--- Exercise data Enclosed Below ---

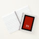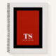 This distinctive notebook design has classic design elements of a bold contrasting colour block geometric rectangular frame in vivid red and black over an off-white background. A text template is included with monogram initials and name to personalise as you like. This look is stylish and sophisticated, yet simple and modern with gender neutral appeal.
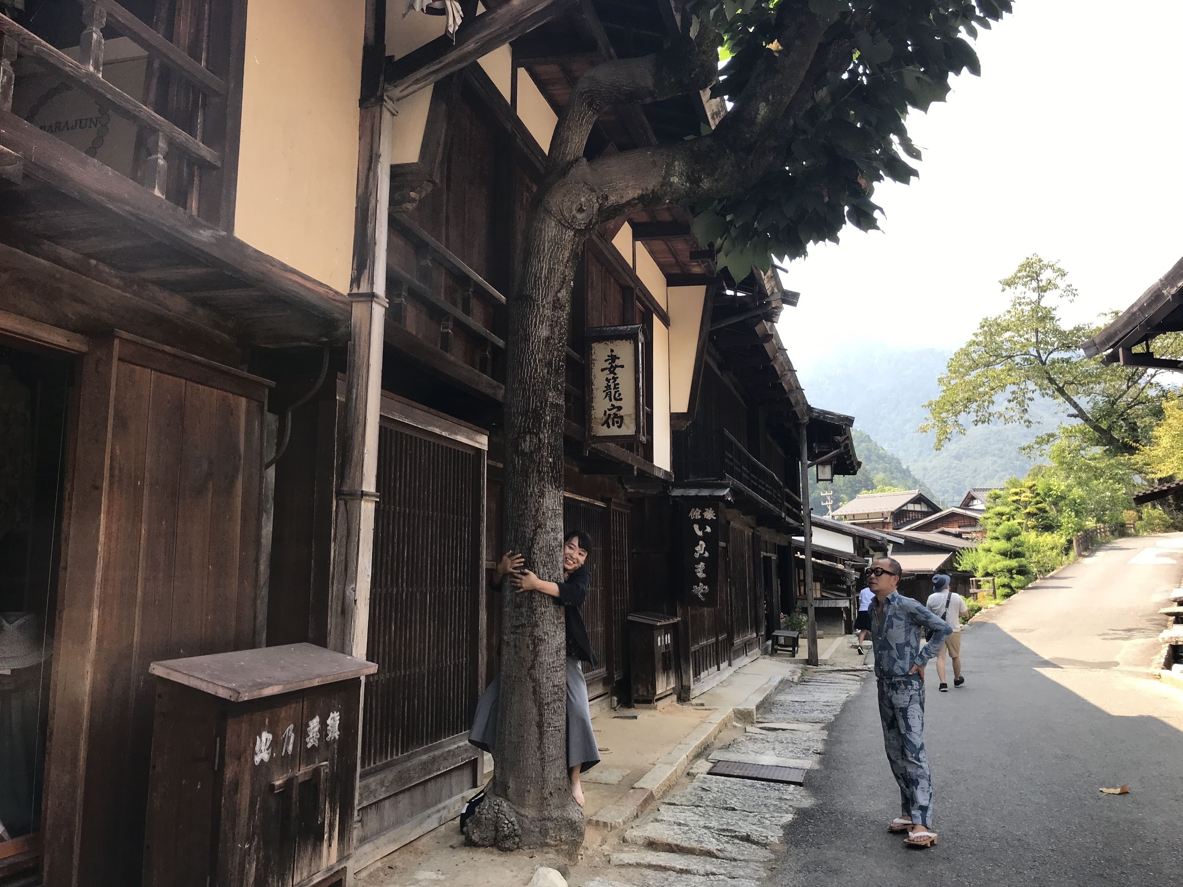 木曽路十一宿の一つ、妻籠宿で、木曽を紹介する記事作成のための取材風景
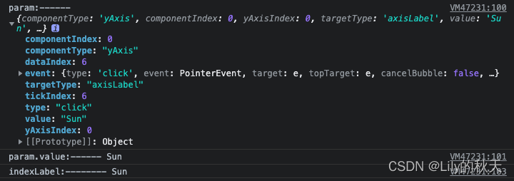 1.这里param打印出来的是你点击后返回给你的所有数据(注意点击坐标轴和图表内部返回的是不同的对象);
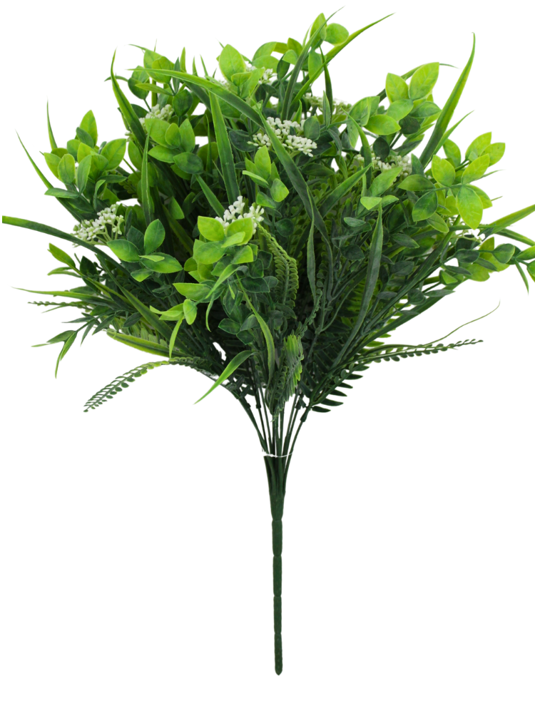21" Plastic Mixed Greenery Bush in a lighter green color. Great filler for any wreath or floral pieces! Cut off stems to use separately.
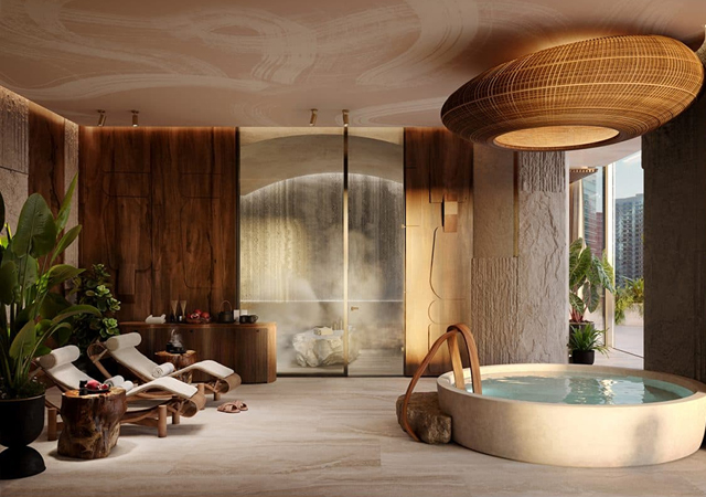 The branded residences range from one- to four-bedroom units, including duplex penthouses with rooftop pools and private balconies.
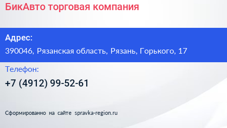 БикАвто, торговая компания по адресу 390046, Рязанская область, Рязань, Горького, 17 в дальнейшем Организация, размещена в следующих категориях:
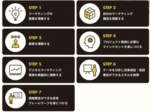 ●PMAで提供するマーケター育成ステップ
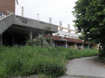 Keywords: Ruina zimniho stadionu (8 6 2013) 4.JPG Ruiny Teplického zimního stadiónu poblíž fotbalového stadiónu own 8 6 2013 Safranek-interia eu Cc-zero Teplický zimní stadión
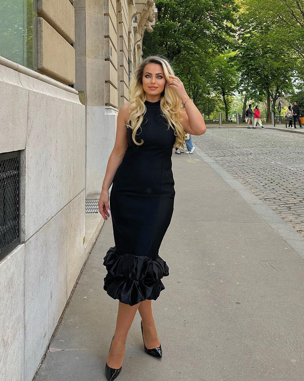 Faites une entrée audacieuse dans cette robe de cocktail en crêpe à ourlet volanté ! Cette robe séduisante présente un ourlet à volants dramatique, ajoutant une touche accrocheuse à votre look. Parfaite pour un cocktail ou un événement spécial, cette robe ne manquera pas de faire sensation. Alors, laissez parler votre style et préparez-vous à rocker toute la nuit !
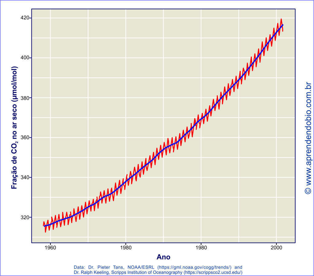 Curva de Keeling: demonstra o aumento da concentração atmosférica de CO2 nas últimas décadas. Clique na imagem para ampliar.
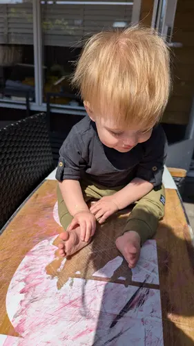 Hier eigenlijk stiekem een beetje spijt van, dus nu het met bijna 10 maanden weer wat langer is twijfel ik of we weer naar de kapper moeten of dat we er iets anders mee kunnen.
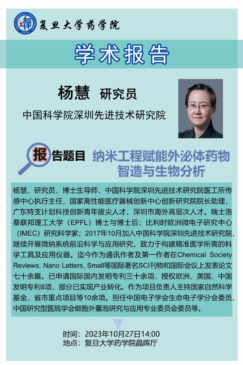 10月27日学术报告-纳米工程赋能外泌体药物智造与生物分析
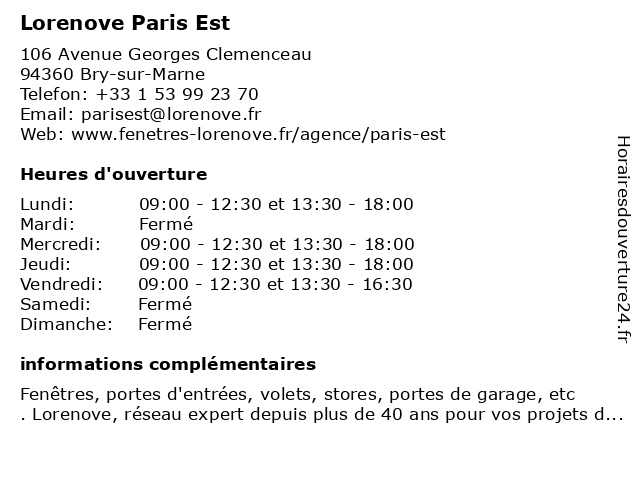 | Lundi | 09:00-12:30 et 13:30-18:00 |
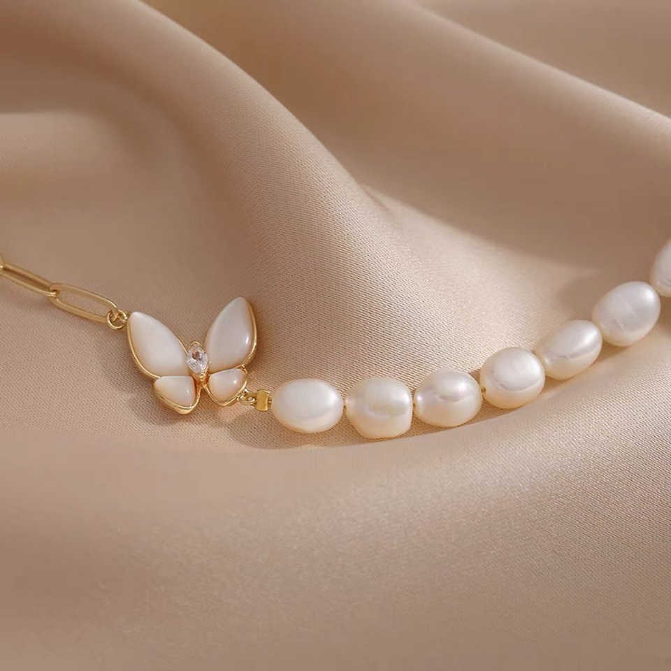 SL17-3 Natural Baroque Pearl Bracelet/Fritillary Butterflycolor
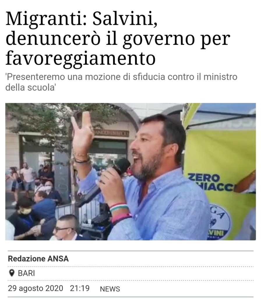 “Denunceremo per favoreggiamento dell’immigrazione clandestina l’attuale governo e presenteremo una mozione di sfiducia contro il ministro della scuola, perché non è possibile che a 15 giorni dalla riapertura non si sa come, dove e quando ricominciare”. Lo ha detto a Bari il leader della Lega, Matteo Salvini, durante un incontro per la presentazione dei candidati al Consiglio regionale pugliese.
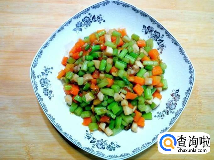 炒至香芹断生,放少许味精,关火出勺。
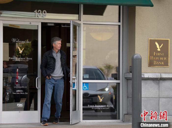 當?shù)貢r間5月1日,一名男子走出位于美國加州米爾布雷市的一家第一共和銀行。 中新社記者 劉關(guān)關(guān) 攝
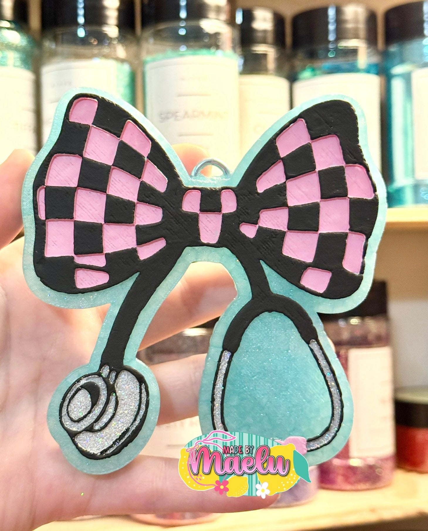 Checkered Bow Stethoscope Freshie Mold | silicone freshie mold

--- End of Enclosed Exercise data ---

** Task **
Repeat only the lines from the line with "炒至香芹断生,放少许味精,关火出勺。" to the end of the entries, including both the first and the last line, and drop every picture.

** Exercise result **
 炒至香芹断生,放少许味精,关火出勺。
 當?shù)貢r間5月1日,一名男子走出位于美國加州米爾布雷市的一家第一共和銀行。 中新社記者 劉關(guān)關(guān) 攝
 Checkered Bow Stethoscope Freshie Mold | silicone freshie mold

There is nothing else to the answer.